Kan you please explain to me why min/max values would be relevant for
dictionary encoded fields? (I think I may be completely misunderstanding
how they work)

Regards,
-Stefán
Post by Kunal Khatua
Even though filter pushdown is supported in Drill, it is limited to
pushing down of numeric values including dates. We do not support pushdown
https://issues.apache.org/jira/browse/PARQUET-686
<http://www.mapr.com/>
The issue of correctness for comparison is what makes the dependency on
min-max statistics by the Parquet library be unreliable.
________________________________
Sent: Monday, May 29, 2017 1:41:30 PM
To: user
Subject: Parquet filter pushdown and string fields that use dictionary encoding
Hi,
I would like to verify that my understanding of parquet filter pushdown in
Drill (https://drill.apache.org/docs/parquet-filter-pushdown/) is correct.

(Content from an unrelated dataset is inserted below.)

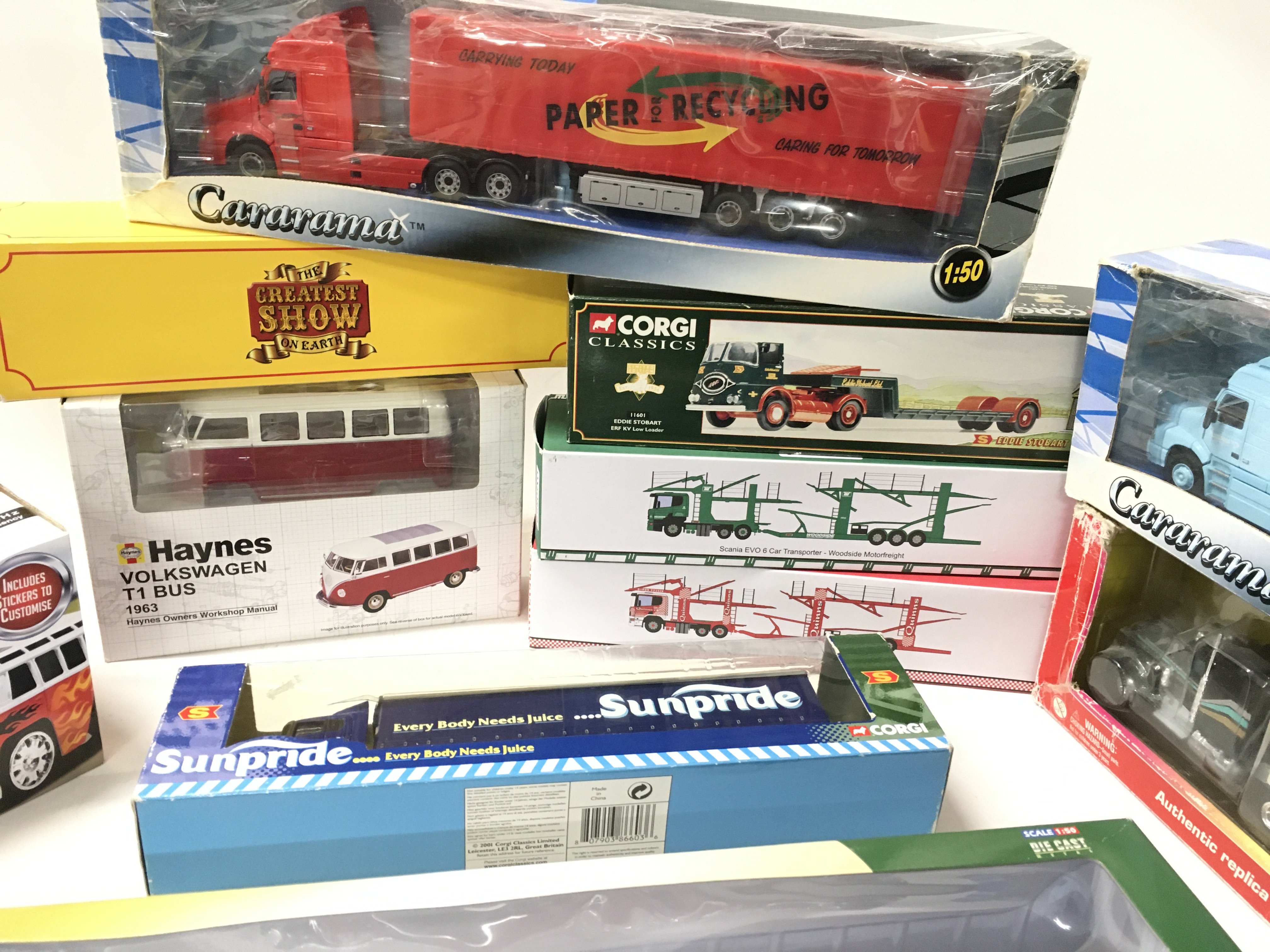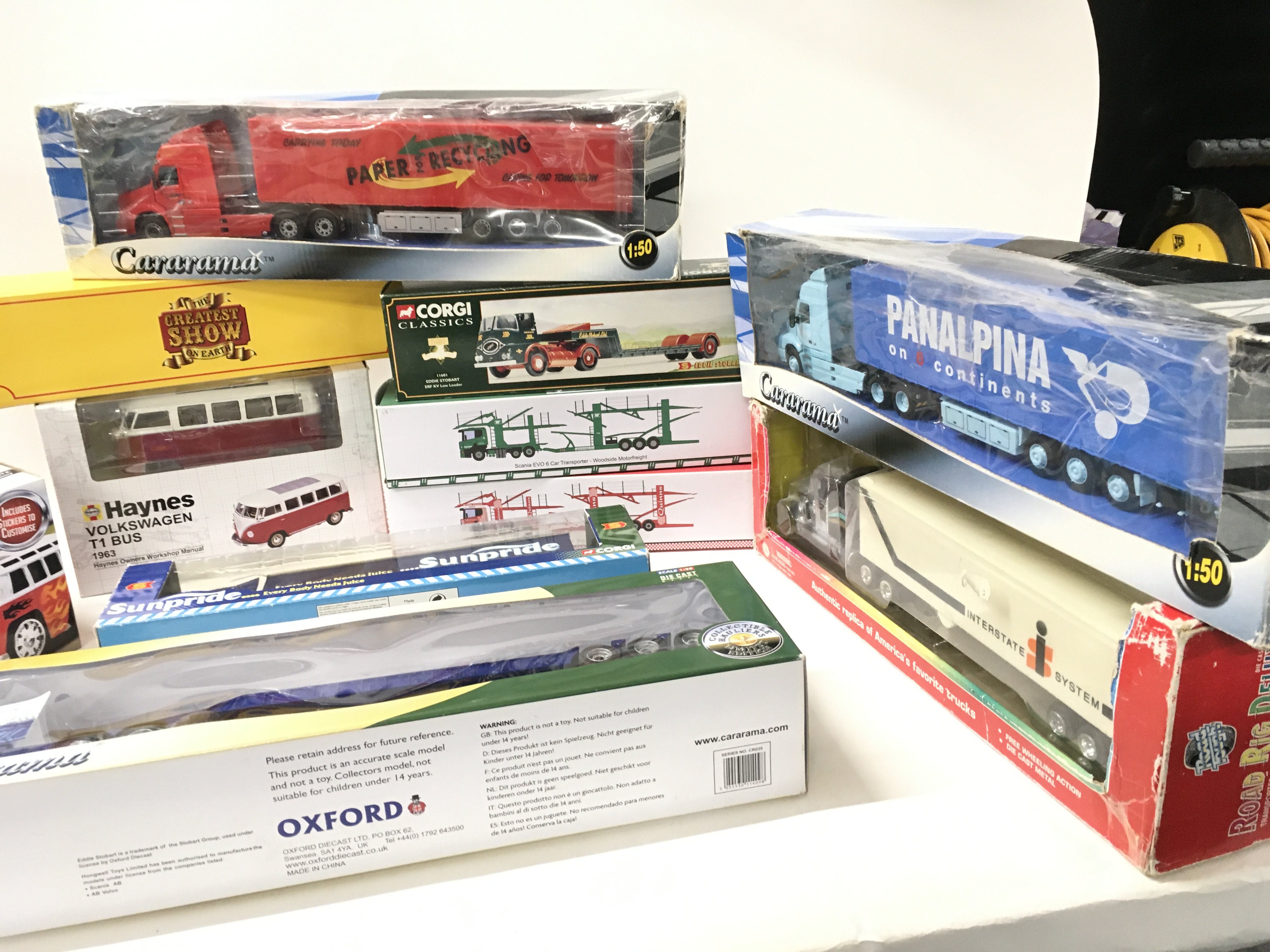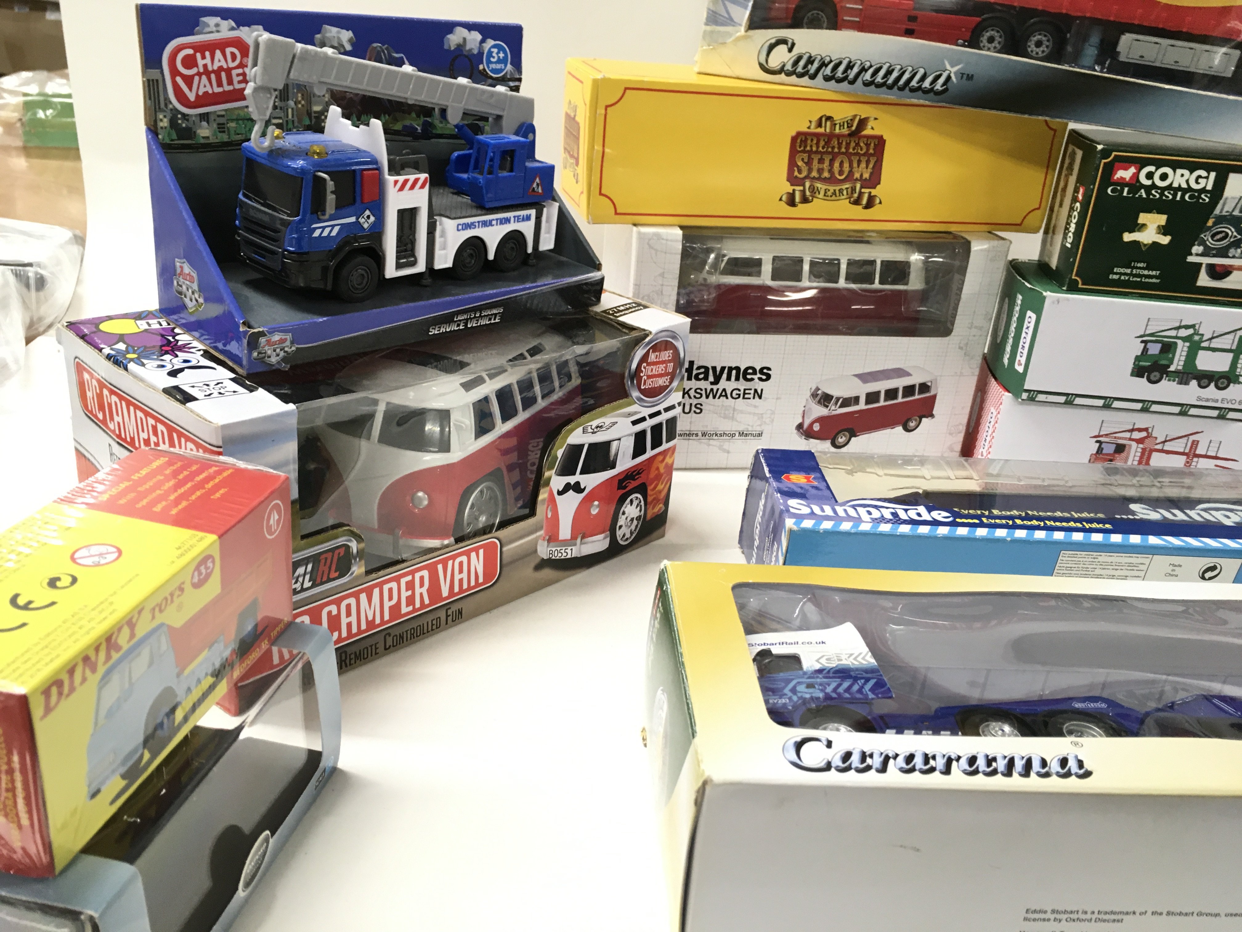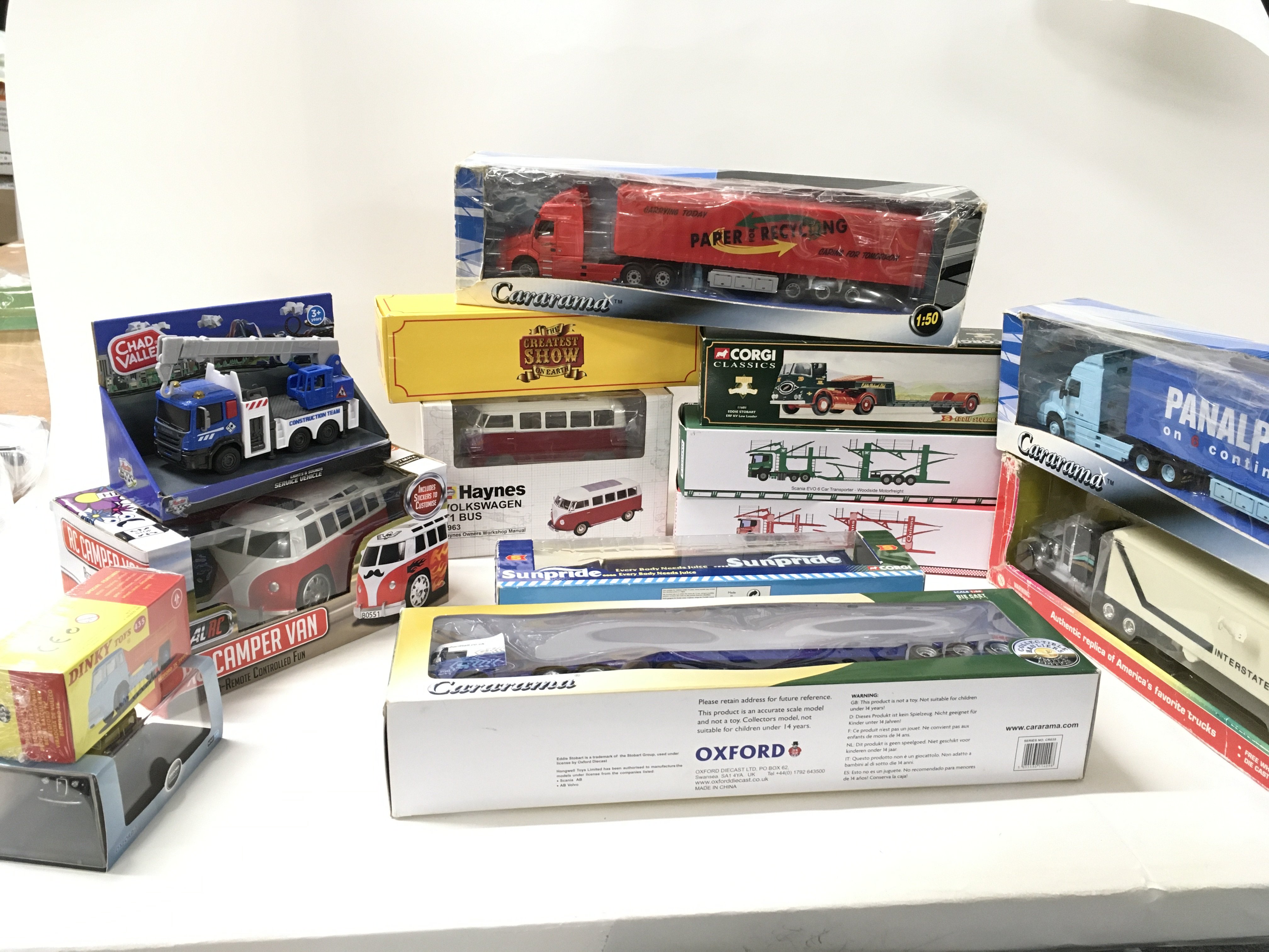 An assorted collection of 14 model vehicles both collectibles and fun . Includes a remote control VW camper van..manufacturers include Oxford..Corgi..Cararama. No reserve

Is it correctly understood that Drill does not support predicate push-down
for string fields when dictionary based string encoding is enabled? (It
looks like Presto can do this.)
We save a lot of space using dictionary encoding (not enabled in Drill 1.10
by default) and if my understanding of how-it-works is correct then the
segment dictionary could be used to determine if a value is in a segments
or if it can be pruned/skipped when filtering based on columns that are
compressed/encoded using a dictionary.
I may be misunderstanding how this works and perhaps the dictionary is
create for the file as a whole and not individual sections but I know that
min/max values would not be good to determine the need for a segment scan.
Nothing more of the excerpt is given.